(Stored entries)
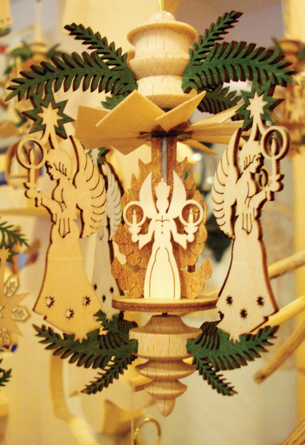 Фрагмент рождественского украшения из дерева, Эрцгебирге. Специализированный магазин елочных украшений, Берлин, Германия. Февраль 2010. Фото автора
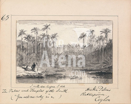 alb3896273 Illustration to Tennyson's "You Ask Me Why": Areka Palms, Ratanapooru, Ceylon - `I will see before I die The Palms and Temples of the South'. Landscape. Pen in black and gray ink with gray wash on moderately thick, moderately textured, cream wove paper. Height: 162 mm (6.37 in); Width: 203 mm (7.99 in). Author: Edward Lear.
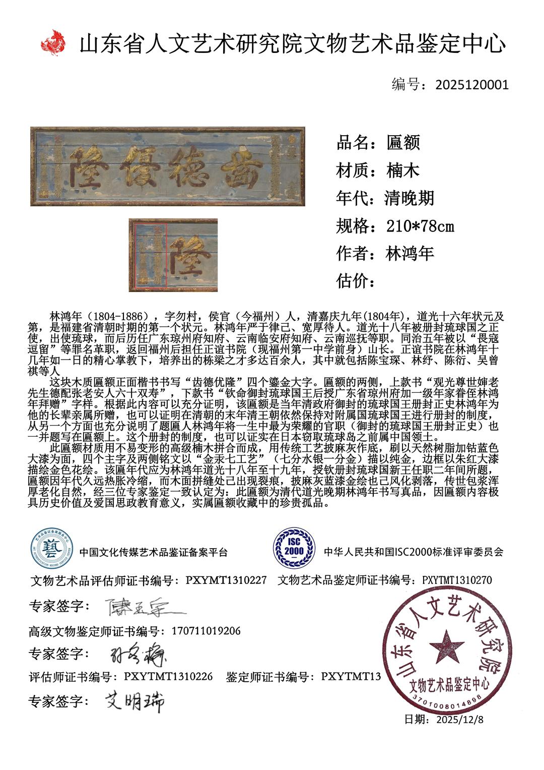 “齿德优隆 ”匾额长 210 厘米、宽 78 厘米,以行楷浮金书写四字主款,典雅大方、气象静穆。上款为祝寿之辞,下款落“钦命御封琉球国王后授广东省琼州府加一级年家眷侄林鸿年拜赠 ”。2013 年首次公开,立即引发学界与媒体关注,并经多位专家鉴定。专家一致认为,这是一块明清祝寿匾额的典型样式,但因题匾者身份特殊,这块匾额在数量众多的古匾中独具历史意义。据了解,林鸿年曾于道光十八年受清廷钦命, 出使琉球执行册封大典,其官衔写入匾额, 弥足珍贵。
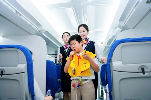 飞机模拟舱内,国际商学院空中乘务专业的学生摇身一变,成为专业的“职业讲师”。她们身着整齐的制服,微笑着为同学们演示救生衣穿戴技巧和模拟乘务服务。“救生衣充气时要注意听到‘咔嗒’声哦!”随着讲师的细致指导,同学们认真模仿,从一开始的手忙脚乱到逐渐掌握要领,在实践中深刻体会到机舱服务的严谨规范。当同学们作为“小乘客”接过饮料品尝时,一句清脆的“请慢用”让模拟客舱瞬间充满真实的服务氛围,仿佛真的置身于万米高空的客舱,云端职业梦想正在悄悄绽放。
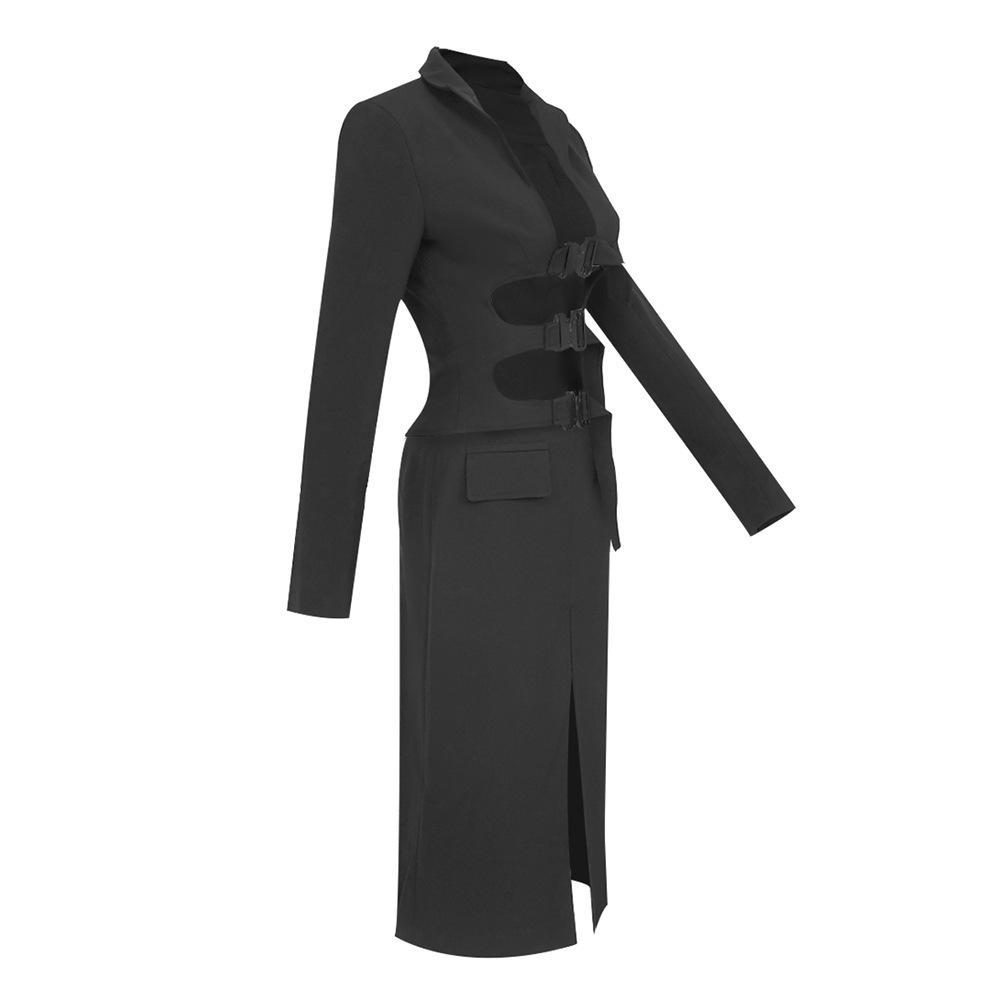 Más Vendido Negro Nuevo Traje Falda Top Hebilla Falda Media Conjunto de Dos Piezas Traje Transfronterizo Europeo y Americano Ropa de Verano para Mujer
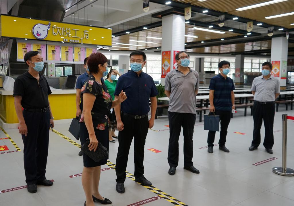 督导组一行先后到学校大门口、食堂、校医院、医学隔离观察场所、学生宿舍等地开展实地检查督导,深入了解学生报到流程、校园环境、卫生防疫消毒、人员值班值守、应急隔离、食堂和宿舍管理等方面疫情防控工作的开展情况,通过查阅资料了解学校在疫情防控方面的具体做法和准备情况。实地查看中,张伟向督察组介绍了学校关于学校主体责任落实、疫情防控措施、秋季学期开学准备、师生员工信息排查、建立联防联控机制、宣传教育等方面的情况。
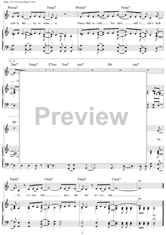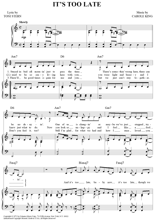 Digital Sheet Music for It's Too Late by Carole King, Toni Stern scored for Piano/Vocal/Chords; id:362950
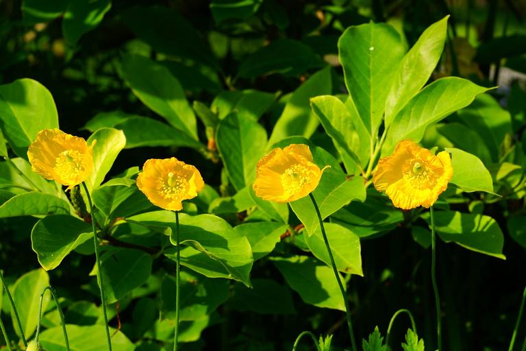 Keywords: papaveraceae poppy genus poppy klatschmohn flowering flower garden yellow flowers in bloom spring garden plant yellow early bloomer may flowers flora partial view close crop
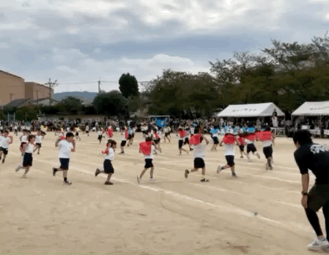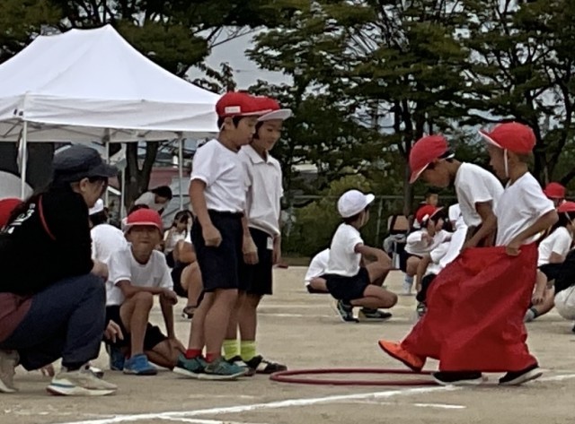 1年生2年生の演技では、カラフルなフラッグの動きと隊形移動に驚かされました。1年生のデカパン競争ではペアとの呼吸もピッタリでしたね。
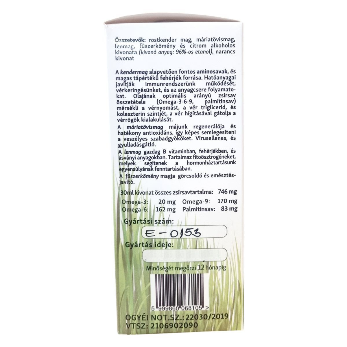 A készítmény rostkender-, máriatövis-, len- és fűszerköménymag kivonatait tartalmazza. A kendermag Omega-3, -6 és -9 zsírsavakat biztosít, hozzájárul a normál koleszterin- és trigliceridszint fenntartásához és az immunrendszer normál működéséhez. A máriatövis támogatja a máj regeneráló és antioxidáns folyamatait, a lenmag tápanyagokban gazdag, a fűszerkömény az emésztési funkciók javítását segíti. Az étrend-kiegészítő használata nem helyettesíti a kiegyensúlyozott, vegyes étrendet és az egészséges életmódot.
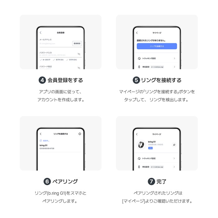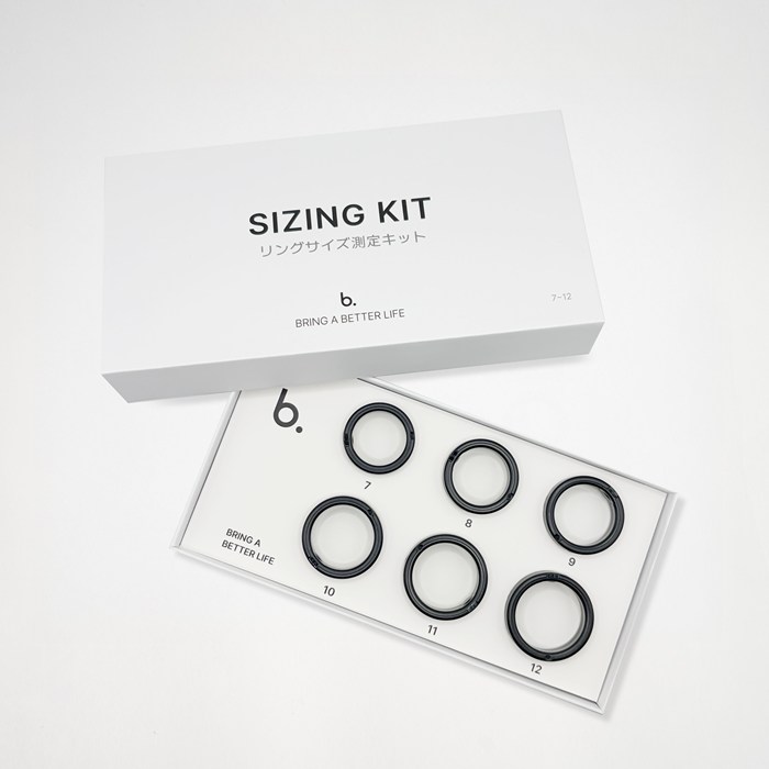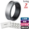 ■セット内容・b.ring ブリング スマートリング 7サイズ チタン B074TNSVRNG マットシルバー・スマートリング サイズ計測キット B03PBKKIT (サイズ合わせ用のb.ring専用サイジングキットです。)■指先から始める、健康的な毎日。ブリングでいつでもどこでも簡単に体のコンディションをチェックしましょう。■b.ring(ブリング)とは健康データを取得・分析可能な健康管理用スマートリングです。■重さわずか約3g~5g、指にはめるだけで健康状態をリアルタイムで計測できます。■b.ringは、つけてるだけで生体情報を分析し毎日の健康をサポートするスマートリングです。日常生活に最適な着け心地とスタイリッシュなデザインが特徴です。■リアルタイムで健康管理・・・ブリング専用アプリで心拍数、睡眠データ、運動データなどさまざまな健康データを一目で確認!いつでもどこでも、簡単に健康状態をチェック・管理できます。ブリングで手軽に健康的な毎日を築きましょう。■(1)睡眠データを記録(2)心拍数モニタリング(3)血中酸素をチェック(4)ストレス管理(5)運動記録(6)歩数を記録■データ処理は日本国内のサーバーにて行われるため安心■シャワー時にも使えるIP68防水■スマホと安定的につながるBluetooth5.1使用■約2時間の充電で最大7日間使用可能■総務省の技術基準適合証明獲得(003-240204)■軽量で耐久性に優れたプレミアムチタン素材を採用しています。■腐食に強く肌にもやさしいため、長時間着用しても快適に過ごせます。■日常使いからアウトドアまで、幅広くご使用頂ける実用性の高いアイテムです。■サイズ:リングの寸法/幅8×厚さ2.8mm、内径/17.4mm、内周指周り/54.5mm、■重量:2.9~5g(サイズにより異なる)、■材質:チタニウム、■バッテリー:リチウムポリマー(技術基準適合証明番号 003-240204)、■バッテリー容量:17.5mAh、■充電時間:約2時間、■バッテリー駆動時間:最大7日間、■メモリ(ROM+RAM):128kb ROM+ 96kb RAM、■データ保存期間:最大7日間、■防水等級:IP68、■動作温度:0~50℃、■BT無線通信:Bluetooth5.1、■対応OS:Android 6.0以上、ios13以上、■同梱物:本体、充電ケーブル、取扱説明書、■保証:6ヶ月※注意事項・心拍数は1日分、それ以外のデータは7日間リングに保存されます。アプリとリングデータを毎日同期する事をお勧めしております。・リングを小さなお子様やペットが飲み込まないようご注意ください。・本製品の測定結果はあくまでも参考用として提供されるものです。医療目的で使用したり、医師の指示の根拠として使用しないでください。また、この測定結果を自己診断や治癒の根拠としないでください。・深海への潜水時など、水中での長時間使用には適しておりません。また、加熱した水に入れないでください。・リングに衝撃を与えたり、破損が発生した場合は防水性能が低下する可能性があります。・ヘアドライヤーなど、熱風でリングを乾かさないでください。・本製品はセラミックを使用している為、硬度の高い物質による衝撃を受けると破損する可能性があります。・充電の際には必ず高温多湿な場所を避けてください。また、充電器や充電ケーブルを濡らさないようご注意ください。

# [Work request]
Copy the lines above exactly, starting at the one with "飞机模拟舱内,国际商学院空中" and ending at the one with "督导组一行先后到学校大门口、", both included. Leave out any pictures and add nothing else.

# [Answer to this task]
 飞机模拟舱内,国际商学院空中乘务专业的学生摇身一变,成为专业的“职业讲师”。她们身着整齐的制服,微笑着为同学们演示救生衣穿戴技巧和模拟乘务服务。“救生衣充气时要注意听到‘咔嗒’声哦!”随着讲师的细致指导,同学们认真模仿,从一开始的手忙脚乱到逐渐掌握要领,在实践中深刻体会到机舱服务的严谨规范。当同学们作为“小乘客”接过饮料品尝时,一句清脆的“请慢用”让模拟客舱瞬间充满真实的服务氛围,仿佛真的置身于万米高空的客舱,云端职业梦想正在悄悄绽放。
 Más Vendido Negro Nuevo Traje Falda Top Hebilla Falda Media Conjunto de Dos Piezas Traje Transfronterizo Europeo y Americano Ropa de Verano para Mujer
 督导组一行先后到学校大门口、食堂、校医院、医学隔离观察场所、学生宿舍等地开展实地检查督导,深入了解学生报到流程、校园环境、卫生防疫消毒、人员值班值守、应急隔离、食堂和宿舍管理等方面疫情防控工作的开展情况,通过查阅资料了解学校在疫情防控方面的具体做法和准备情况。实地查看中,张伟向督察组介绍了学校关于学校主体责任落实、疫情防控措施、秋季学期开学准备、师生员工信息排查、建立联防联控机制、宣传教育等方面的情况。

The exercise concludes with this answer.